* **PROBLEM REQUIREMENTS**
Locate and copy each line in the data that contains the word "from".

*** PROVIDED ENTRIES Section Begins ***

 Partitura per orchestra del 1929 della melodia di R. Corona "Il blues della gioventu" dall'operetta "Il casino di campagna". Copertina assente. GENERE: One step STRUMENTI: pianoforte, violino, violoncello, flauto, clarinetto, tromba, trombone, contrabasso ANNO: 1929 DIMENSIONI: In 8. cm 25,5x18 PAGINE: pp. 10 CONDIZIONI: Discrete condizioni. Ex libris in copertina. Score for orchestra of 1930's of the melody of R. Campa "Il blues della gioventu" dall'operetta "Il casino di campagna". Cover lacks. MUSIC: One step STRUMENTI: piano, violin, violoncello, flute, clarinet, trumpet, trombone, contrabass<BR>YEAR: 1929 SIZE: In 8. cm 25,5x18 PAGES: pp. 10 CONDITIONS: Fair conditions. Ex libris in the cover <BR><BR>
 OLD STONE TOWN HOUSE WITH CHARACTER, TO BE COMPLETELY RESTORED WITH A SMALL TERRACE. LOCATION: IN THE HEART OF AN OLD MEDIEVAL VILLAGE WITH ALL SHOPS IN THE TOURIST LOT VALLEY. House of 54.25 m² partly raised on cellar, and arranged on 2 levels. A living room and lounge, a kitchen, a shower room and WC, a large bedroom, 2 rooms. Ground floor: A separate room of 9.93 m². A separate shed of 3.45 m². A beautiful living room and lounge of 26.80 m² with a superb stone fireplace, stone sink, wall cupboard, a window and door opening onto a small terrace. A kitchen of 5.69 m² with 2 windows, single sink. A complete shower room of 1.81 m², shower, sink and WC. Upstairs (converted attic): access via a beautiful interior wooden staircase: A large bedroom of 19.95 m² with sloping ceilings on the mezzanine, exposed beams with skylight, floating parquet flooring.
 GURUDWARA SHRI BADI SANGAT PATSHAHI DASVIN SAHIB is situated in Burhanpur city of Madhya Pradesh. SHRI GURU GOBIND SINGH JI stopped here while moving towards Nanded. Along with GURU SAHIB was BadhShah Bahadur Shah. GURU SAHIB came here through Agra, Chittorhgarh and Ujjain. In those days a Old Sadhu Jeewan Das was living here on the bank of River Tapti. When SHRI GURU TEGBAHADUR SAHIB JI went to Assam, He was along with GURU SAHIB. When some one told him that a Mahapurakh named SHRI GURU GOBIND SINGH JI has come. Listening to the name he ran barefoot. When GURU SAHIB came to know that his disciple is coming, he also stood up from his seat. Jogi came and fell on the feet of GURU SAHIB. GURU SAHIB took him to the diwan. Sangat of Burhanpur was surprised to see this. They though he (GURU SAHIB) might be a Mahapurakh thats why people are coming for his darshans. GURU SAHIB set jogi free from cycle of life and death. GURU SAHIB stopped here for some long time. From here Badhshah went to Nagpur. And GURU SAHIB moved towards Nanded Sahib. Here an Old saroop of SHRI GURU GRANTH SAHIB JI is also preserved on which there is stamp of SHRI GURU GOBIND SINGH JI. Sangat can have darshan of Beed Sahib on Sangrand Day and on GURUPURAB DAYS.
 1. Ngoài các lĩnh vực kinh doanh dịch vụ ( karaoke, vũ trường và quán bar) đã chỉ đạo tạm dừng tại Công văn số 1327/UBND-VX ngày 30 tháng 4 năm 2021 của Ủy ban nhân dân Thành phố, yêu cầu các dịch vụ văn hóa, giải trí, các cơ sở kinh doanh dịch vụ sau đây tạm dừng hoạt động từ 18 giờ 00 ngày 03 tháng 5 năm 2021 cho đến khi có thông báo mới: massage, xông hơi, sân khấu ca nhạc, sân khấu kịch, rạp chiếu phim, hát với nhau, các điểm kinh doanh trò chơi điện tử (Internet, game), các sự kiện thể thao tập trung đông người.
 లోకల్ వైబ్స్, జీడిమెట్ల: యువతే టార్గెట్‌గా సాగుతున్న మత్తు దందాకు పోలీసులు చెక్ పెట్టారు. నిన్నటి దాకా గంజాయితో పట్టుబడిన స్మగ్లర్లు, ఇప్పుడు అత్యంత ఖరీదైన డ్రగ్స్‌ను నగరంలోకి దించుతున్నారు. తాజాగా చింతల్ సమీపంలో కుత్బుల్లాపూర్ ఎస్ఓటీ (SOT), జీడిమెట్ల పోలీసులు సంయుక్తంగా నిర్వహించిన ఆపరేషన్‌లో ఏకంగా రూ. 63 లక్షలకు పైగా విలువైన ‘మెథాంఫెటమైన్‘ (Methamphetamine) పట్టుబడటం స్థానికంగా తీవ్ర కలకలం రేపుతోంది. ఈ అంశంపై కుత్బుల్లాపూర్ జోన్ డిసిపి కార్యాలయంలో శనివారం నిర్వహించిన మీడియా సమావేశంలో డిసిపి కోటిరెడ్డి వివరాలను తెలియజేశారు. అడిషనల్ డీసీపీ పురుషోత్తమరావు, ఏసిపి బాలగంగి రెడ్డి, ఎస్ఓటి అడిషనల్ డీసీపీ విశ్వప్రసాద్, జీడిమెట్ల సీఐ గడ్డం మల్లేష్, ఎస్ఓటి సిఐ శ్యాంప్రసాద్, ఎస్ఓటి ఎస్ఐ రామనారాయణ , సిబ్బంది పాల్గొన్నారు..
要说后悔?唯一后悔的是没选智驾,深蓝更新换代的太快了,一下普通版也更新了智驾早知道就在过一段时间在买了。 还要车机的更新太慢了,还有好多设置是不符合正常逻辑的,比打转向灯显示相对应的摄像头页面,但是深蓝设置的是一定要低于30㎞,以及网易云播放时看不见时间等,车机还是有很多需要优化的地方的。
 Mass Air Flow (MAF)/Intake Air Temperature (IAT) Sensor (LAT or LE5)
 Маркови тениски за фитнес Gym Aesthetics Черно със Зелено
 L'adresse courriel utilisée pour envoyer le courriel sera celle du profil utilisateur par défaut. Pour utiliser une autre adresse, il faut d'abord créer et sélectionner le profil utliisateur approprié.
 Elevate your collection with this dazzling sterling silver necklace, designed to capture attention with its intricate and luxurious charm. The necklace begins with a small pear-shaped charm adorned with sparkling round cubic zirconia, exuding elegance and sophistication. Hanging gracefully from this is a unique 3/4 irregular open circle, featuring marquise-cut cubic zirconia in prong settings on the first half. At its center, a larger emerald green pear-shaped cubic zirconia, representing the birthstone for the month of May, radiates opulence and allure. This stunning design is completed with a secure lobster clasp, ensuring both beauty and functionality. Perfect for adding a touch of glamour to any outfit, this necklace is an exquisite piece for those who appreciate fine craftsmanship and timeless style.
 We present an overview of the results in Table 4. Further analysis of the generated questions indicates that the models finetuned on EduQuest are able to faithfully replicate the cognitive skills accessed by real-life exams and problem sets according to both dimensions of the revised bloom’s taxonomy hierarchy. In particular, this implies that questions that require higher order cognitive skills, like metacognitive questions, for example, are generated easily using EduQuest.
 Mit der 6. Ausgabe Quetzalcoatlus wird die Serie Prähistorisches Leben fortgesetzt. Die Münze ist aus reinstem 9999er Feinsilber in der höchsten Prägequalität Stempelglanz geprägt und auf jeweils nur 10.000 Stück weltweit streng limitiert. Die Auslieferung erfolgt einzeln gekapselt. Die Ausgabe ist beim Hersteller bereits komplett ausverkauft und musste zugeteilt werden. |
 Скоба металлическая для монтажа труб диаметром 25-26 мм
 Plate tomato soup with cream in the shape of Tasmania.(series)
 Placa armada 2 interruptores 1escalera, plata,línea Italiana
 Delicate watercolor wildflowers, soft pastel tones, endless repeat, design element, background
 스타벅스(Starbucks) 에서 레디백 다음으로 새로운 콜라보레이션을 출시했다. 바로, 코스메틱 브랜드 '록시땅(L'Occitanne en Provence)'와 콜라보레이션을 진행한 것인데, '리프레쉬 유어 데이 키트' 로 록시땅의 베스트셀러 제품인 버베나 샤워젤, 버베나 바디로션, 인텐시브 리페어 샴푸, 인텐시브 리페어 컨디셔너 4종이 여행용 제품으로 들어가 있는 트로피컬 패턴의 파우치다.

*** PROVIDED ENTRIES Section Ends ***

* **RESULT FOR THIS TASK**
 GURUDWARA SHRI BADI SANGAT PATSHAHI DASVIN SAHIB is situated in Burhanpur city of Madhya Pradesh. SHRI GURU GOBIND SINGH JI stopped here while moving towards Nanded. Along with GURU SAHIB was BadhShah Bahadur Shah. GURU SAHIB came here through Agra, Chittorhgarh and Ujjain. In those days a Old Sadhu Jeewan Das was living here on the bank of River Tapti. When SHRI GURU TEGBAHADUR SAHIB JI went to Assam, He was along with GURU SAHIB. When some one told him that a Mahapurakh named SHRI GURU GOBIND SINGH JI has come. Listening to the name he ran barefoot. When GURU SAHIB came to know that his disciple is coming, he also stood up from his seat. Jogi came and fell on the feet of GURU SAHIB. GURU SAHIB took him to the diwan. Sangat of Burhanpur was surprised to see this. They though he (GURU SAHIB) might be a Mahapurakh thats why people are coming for his darshans. GURU SAHIB set jogi free from cycle of life and death. GURU SAHIB stopped here for some long time. From here Badhshah went to Nagpur. And GURU SAHIB moved towards Nanded Sahib. Here an Old saroop of SHRI GURU GRANTH SAHIB JI is also preserved on which there is stamp of SHRI GURU GOBIND SINGH JI. Sangat can have darshan of Beed Sahib on Sangrand Day and on GURUPURAB DAYS.
 Elevate your collection with this dazzling sterling silver necklace, designed to capture attention with its intricate and luxurious charm. The necklace begins with a small pear-shaped charm adorned with sparkling round cubic zirconia, exuding elegance and sophistication. Hanging gracefully from this is a unique 3/4 irregular open circle, featuring marquise-cut cubic zirconia in prong settings on the first half. At its center, a larger emerald green pear-shaped cubic zirconia, representing the birthstone for the month of May, radiates opulence and allure. This stunning design is completed with a secure lobster clasp, ensuring both beauty and functionality. Perfect for adding a touch of glamour to any outfit, this necklace is an exquisite piece for those who appreciate fine craftsmanship and timeless style.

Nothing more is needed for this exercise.